Если буквально воспринимать побудительный мотив этого плана, то всё в нём непонятно и нелогично: предвидя азиатское нашествие, Семёнов почему-то исключает главную силу, способную организовать и возглавить такое движение, – Японию. Вообще сама попытка объяснить дело «интересами России» выглядит смехотворной: создание подобного государства было выгодно прежде всего Японии. Здесь атаман не заблуждался, хотя и старался как-то затушевать это обстоятельство привычной патриотической, фразой.

Но только послушным орудием в руках японских политиков он никогда не был. Идея объединения всех монгольских племён для него стала воистину заветной, глубоко личной, лишь внешне совпадающей с планами Токио. Тут мы приближаемся к самому, может быть, интимному в этом незаурядном человеке – к тому, что роднит его с Унгерном и что сделало их обоих трагическими фигурами не столько собственно русской, сколько евразийской истории. Тень Чингисхана являлась им обоим, но оборачивалась разными сторонами: Унгерн видел перед собой потрясателя Вселенной, Семёнов – строителя Империи.

Мысль о частичном возрождении державы Чингисхана не могли внушить ему ни Афанасьев с Вериго, ни кто-то другой из ближайшего окружения атамана, от которого он будто бы всецело был зависим. Для этих людей Монголия оставалась пустым звуком, ничего не говорящим ни уму, ни сердцу.

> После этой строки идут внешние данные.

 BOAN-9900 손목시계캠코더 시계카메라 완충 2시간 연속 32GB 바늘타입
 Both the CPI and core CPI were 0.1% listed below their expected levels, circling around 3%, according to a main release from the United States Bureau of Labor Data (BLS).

Они ещё принимали её в расчёт как стратегическую базу, как поставщика живой силы или лошадей для армии, но никакого кровного интереса к ней не испытывали. Её горы и степи не пробуждали в них ни воспоминаний, ни надежд. Скорее уж первоначальная подсказка исходила от японцев, хотя и это не столь несомненно, как считали враги атамана. Идея всемонгольской государственности выдвигалась ещё в годы первой монголо-китайской войны; у неё были горячие сторонники и в Халхе, и во Внутренней Монголии, и в Бурятии. Семёнов, имея обширные связи среди монгольского ламства и князей, об этом, разумеется, знал. Но даже если семя было брошено его японскими советниками, оно упало на благодатную и уже взрыхлённую почву и дало неожиданно бурные всходы, удивившие самих же сеятелей.

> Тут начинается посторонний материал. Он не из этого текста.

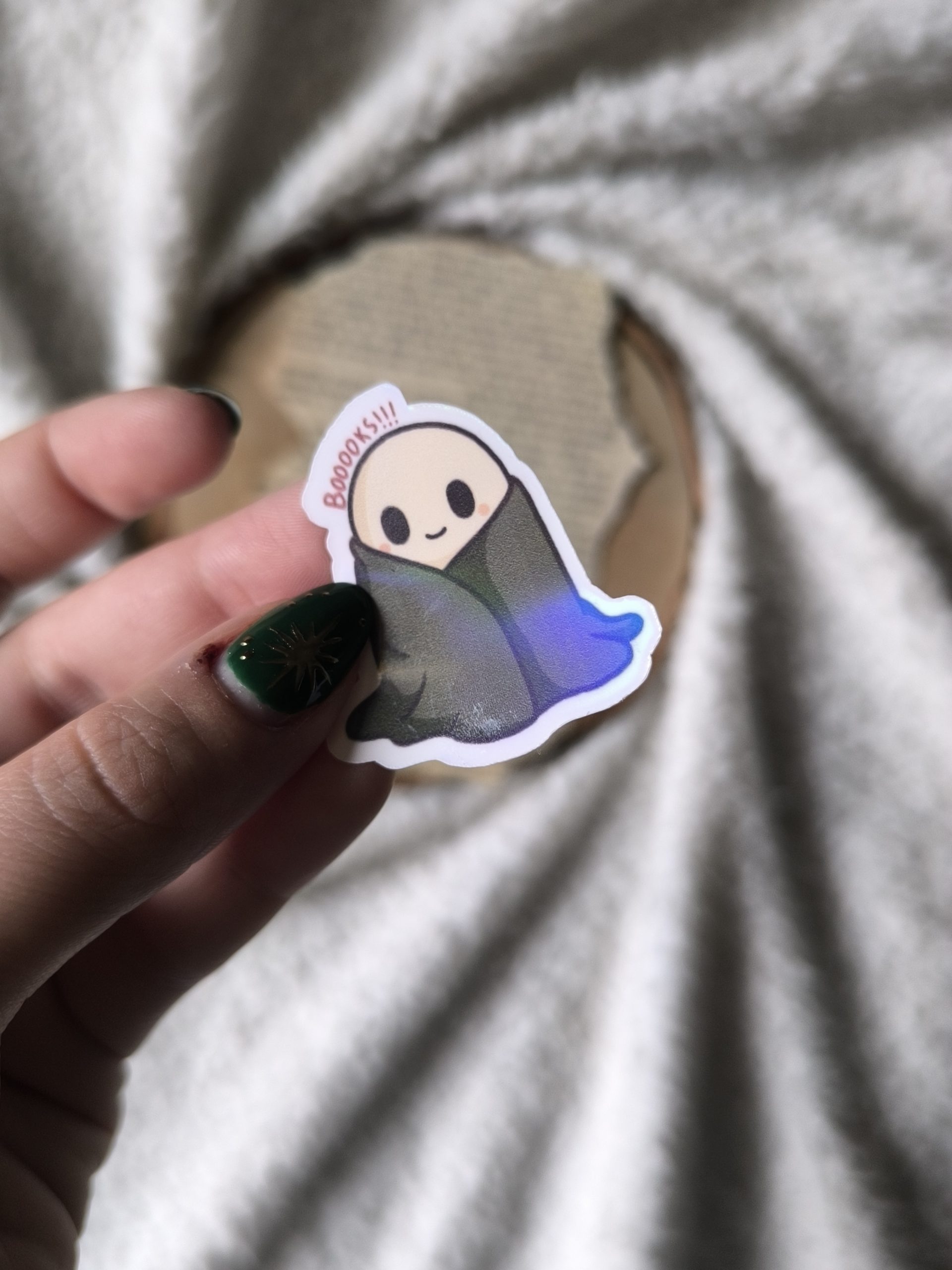 « Booooks » est un sticker d’abord dessiné numériquement, puis imprimé, plastifié et découpé dans mon atelier. Chaque pièce est une création artisanale, et peut donc présenter de très légères irrégularités qui témoignent de son caractère unique et fait main.

Тот, первый разговор, который состоялся в Китае, трезвый Гордеев не принял всерьёз, но спустя полгода Семёнов опять вернулся к этой теме. На вопрос Гордеева, как он представляет собственную роль в будущем государстве, атаман ответил, что станет «главковерхом» при каком-нибудь ламе, которого сам же и «посадит» не то на престол, не то в кресло премьер-министра. Иными словами, он рассчитывал формально на второе, а фактически – на первое место в государственной иерархии «Великой Монголии». Это было тем вероятнее, что его бабка по отцу принадлежала к роду князей-чингизидов.

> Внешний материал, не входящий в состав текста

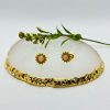 Pulsera de acero dorado con piedra color verde agua, cadena brilli y motivo sol
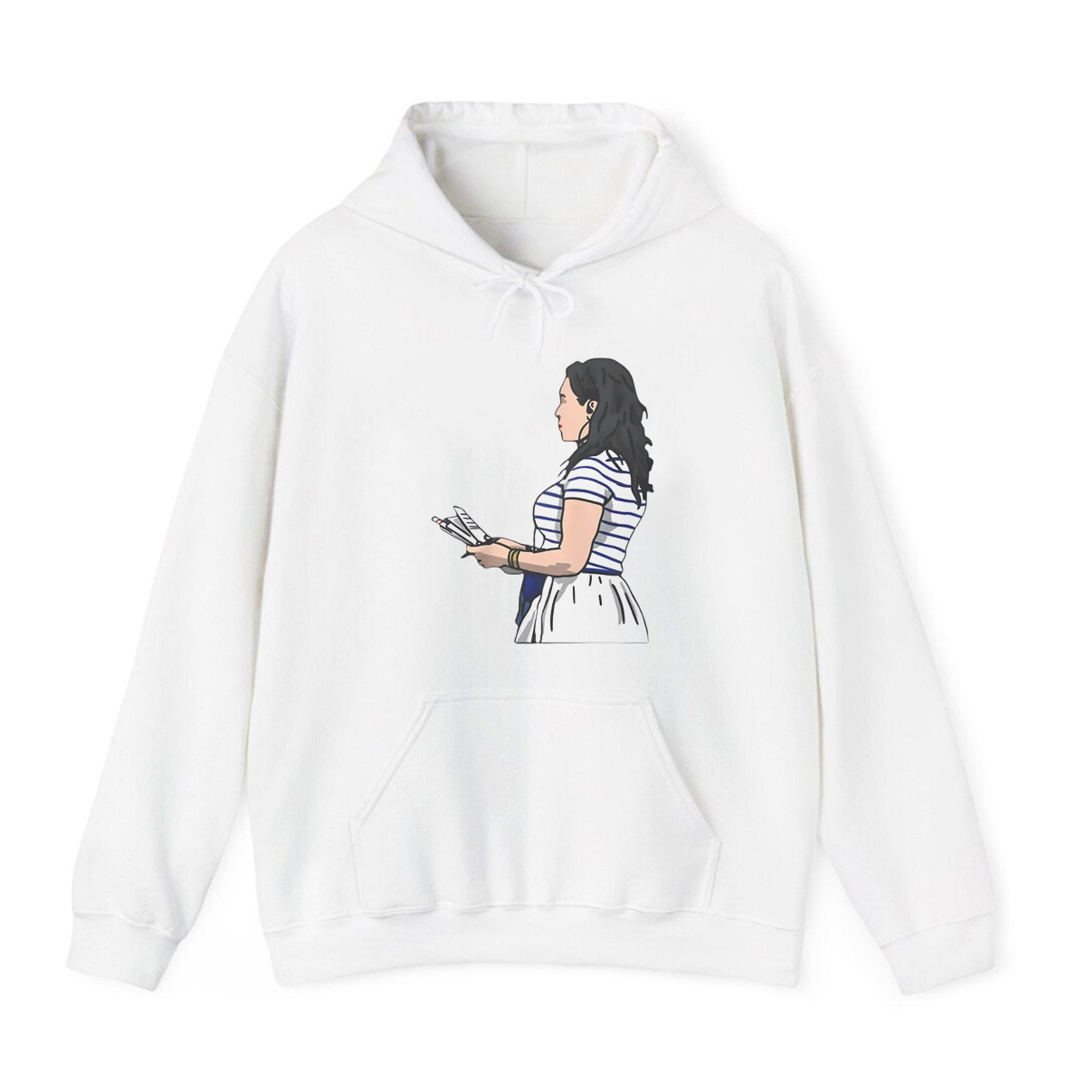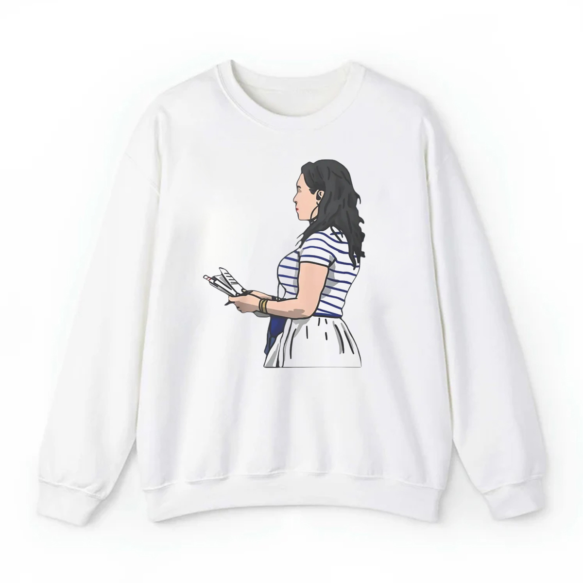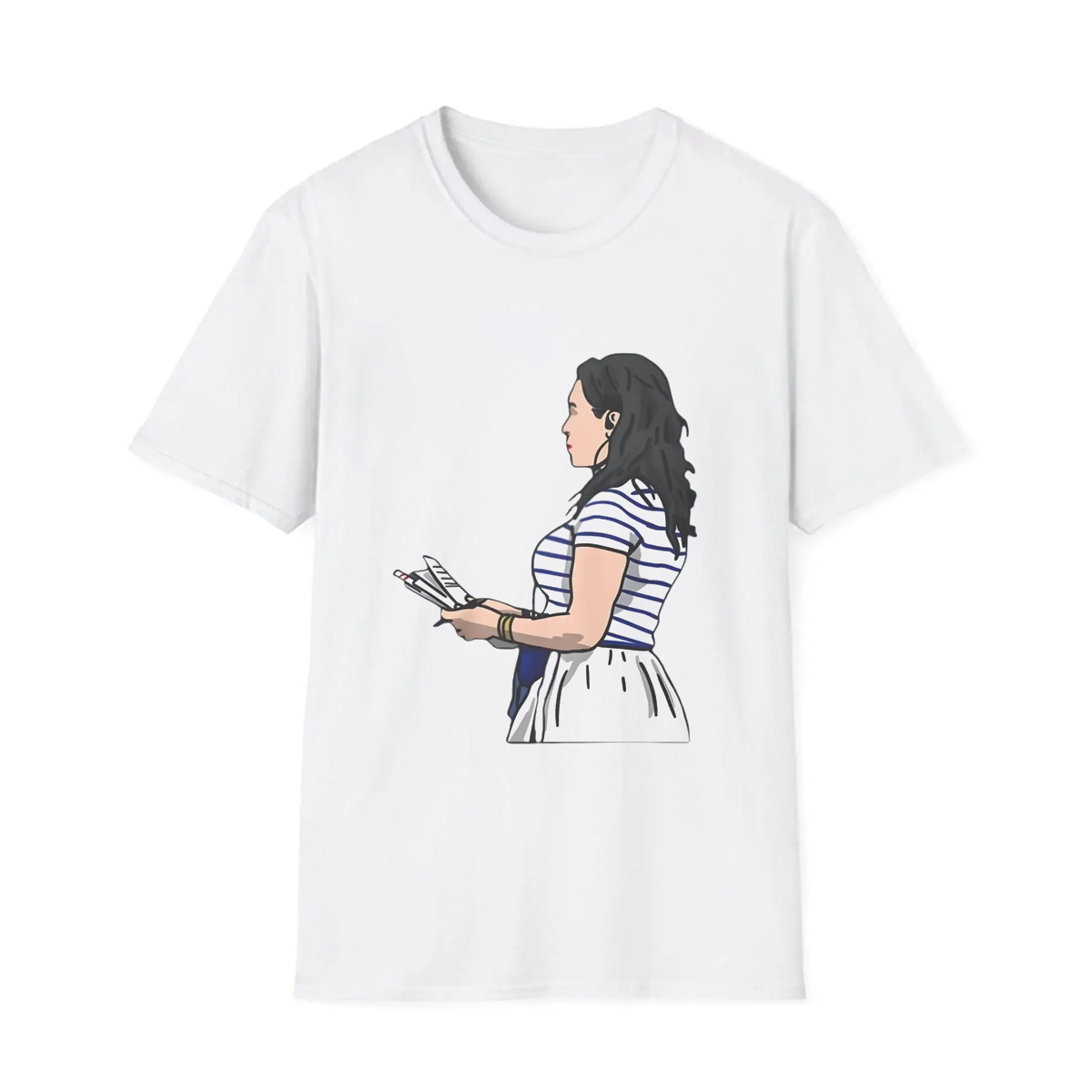 This Colts Carlie Irsay Gordon Shirt features a bold graphic of Carlie Irsay Gordon in profile, dressed in a nautical striped top and skirt, clutching what appears to be laminated play sheets or possibly the entire fate of the game. Rendered in a clean, cartoon-style design, she exudes boss energy from the owner’s suite, captured mid-moment during one of football’s most unintentionally iconic sideline stares.

«Монгольские князья, – после встречи с Семёновым в марте 1919 года писал Джон Уорд, – просили его стать их императором, и если он выберет эту дорожку, то вихрь промчится по соседним землям». Правда, Уорд со слов своих русских собеседников составил мнение, что при таком выборе «Семёнов станет паяцем, а нити будут дёргать японцы». Однако в Пекине именно атамана считали главным инициатором панмонгольского движения, и о том же самом доносил в Омск русский посол в Китае князь Кудашев.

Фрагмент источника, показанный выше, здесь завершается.